We use the Diabetes dataset, which consists of 10 features collected from 442 diabetes patients.
Authors: Manoj Kumar, Maria Telenczuk, Nicolas Hug.
License: BSD 3 clause
Loading the data¶
We first load the diabetes dataset which is available from within scikit-learn, and print its description:
from sklearn.datasets import load_diabetes
diabetes = load_diabetes()
X, y = diabetes.data, diabetes.target
print(diabetes.DESCR)
.. _diabetes_dataset:
Diabetes dataset
----------------
Ten baseline variables, age, sex, body mass index, average blood
pressure, and six blood serum measurements were obtained for each of n =
442 diabetes patients, as well as the response of interest, a
quantitative measure of disease progression one year after baseline.
**Data Set Characteristics:**
:Number of Instances: 442
:Number of Attributes: First 10 columns are numeric predictive values
:Target: Column 11 is a quantitative measure of disease progression one year after baseline
:Attribute Information:
- age age in years
- sex
- bmi body mass index
- bp average blood pressure
- s1 tc, total serum cholesterol
- s2 ldl, low-density lipoproteins
- s3 hdl, high-density lipoproteins
- s4 tch, total cholesterol / HDL
- s5 ltg, possibly log of serum triglycerides level
- s6 glu, blood sugar level
Note: Each of these 10 feature variables have been mean centered and scaled by the standard deviation times the square root of `n_samples` (i.e. the sum of squares of each column totals 1).
Source URL:
https://www4.stat.ncsu.edu/~boos/var.select/diabetes.html
For more information see:
Bradley Efron, Trevor Hastie, Iain Johnstone and Robert Tibshirani (2004) "Least Angle Regression," Annals of Statistics (with discussion), 407-499.
(https://web.stanford.edu/~hastie/Papers/LARS/LeastAngle_2002.pdf)
Feature importance from coefficients¶
To get an idea of the importance of the features, we are going to use the
RidgeCV
estimator. The features with the
highest absolute coef_
value are considered the most important.
We can observe the coefficients directly without needing to scale them (or
scale the data) because from the description above, we know that the features
were already standardized.
For a more complete example on the interpretations of the coefficients of
linear models, you may refer to
Common pitfalls in the interpretation of coefficients of linear models.

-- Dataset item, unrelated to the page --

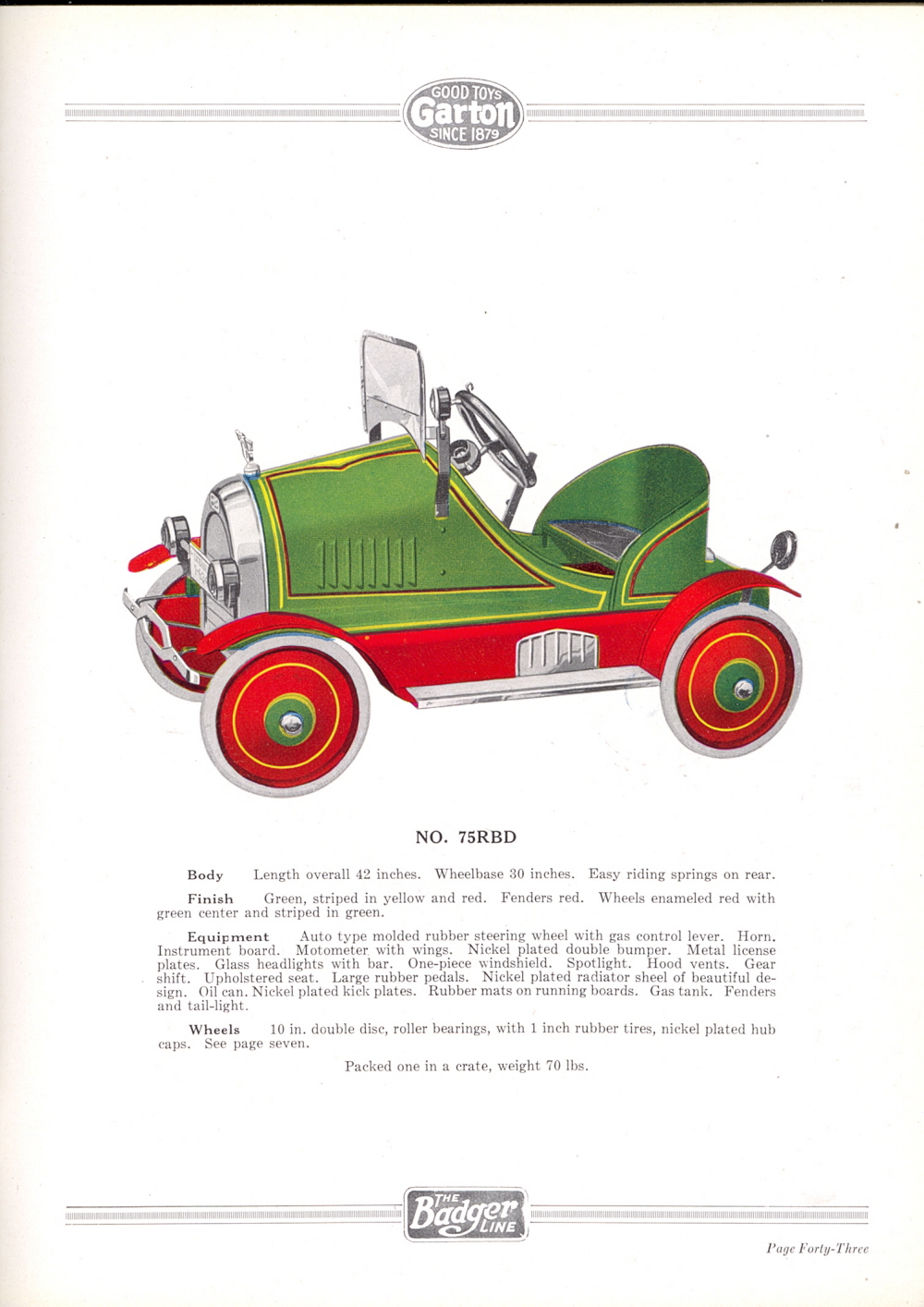 1927 Garton Toy Company Catalogue, Page 43: No. 75RBD.

import matplotlib.pyplot as plt
import numpy as np
from sklearn.linear_model import RidgeCV
ridge = RidgeCV(alphas=np.logspace(-6, 6, num=5)).fit(X, y)

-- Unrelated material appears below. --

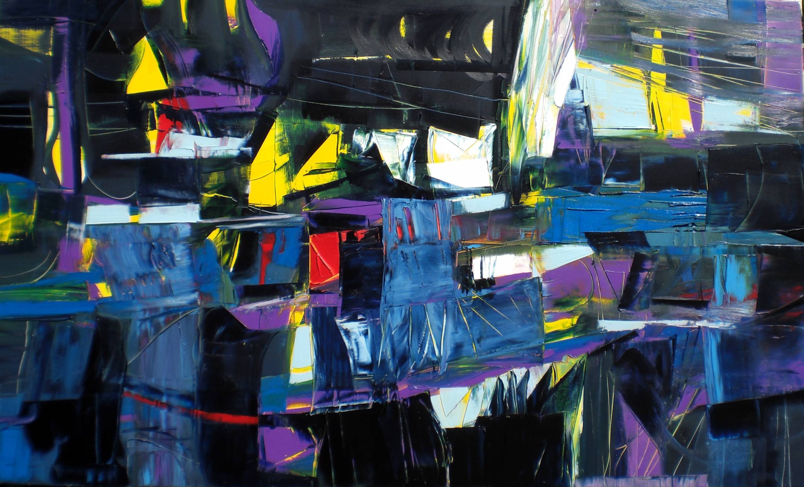 Przed tobą obraz pełen energii i ruchu. Dominują na nim intensywne barwy: głęboki granat, jaskrawa żółć, elektryzująca fiolet i zaskakująca czerwień. Wszystkie te kolory są jakby w radosnym tańcu, przeplatając się ze sobą, tworzą dynamiczną kompozycję pełną kontrastów. Prostokątne i kanciaste kształty zdają się walczyć o uwagę widza, a nieregularne linie dodają całemu dziełu niepokojącego charakteru. Atmosfera obrazu jest jakby rozedrgana, pełna napięcia emocjonalnego, od którego trudno się oderwać. Czujesz się jakbyś był w środku chaosu, ale w tym chaosie jest coś hipnotyzującego. Artysta użył techniki mieszanej, gdzie pociągnięcia pędzla łączą się z gładkimi plamami kolorów, tworząc iluzję głębi. To impresjonizm z nutą abstrakcji, gdzie forma schodzi na dalszy plan, ustępując miejsca emocjom. Gdy patrzę na to dzieło, czuję, jakby to była opowieść o naszym chaotycznym świecie, pełnym niespodzianek i kontrastów. Wow! Dziecko powiedziałoby pewnie: "To wygląda jak bałagan z farbami!". Niesamowite, jak jeden obraz może wywołać tyle różnych reakcji. A ty, co czujesz patrząc na te pełne energii kolory? Dla mnie to istny "color explosion", zastrzyk radości i fascynacji, który na długo pozostaje w pamięci.

importance = np.abs(ridge.coef_)
feature_names = np.array(diabetes.feature_names)
plt.bar(height=importance, x=feature_names)
plt.title("Feature importances via coefficients")
plt.show()
Selecting features based on importance¶
Now we want to select the two features which are the most important according
to the coefficients. The SelectFromModel
is meant just for that. SelectFromModel
accepts a threshold
parameter and will select the features whose importance
(defined by the coefficients) are above this threshold.
Since we want to select only 2 features, we will set this threshold slightly above the coefficient of third most important feature.
from sklearn.feature_selection import SelectFromModel
from time import time
threshold = np.sort(importance)[-3] + 0.01
tic = time()
sfm = SelectFromModel(ridge, threshold=threshold).fit(X, y)
toc = time()
print(f"Features selected by SelectFromModel: {feature_names[sfm.get_support()]}")
print(f"Done in {toc - tic:.3f}s")
Features selected by SelectFromModel: ['s1' 's5']
Done in 0.001s
Selecting features with Sequential Feature Selection¶
Another way of selecting features is to use
SequentialFeatureSelector
(SFS). SFS is a greedy procedure where, at each iteration, we choose the best
new feature to add to our selected features based a cross-validation score.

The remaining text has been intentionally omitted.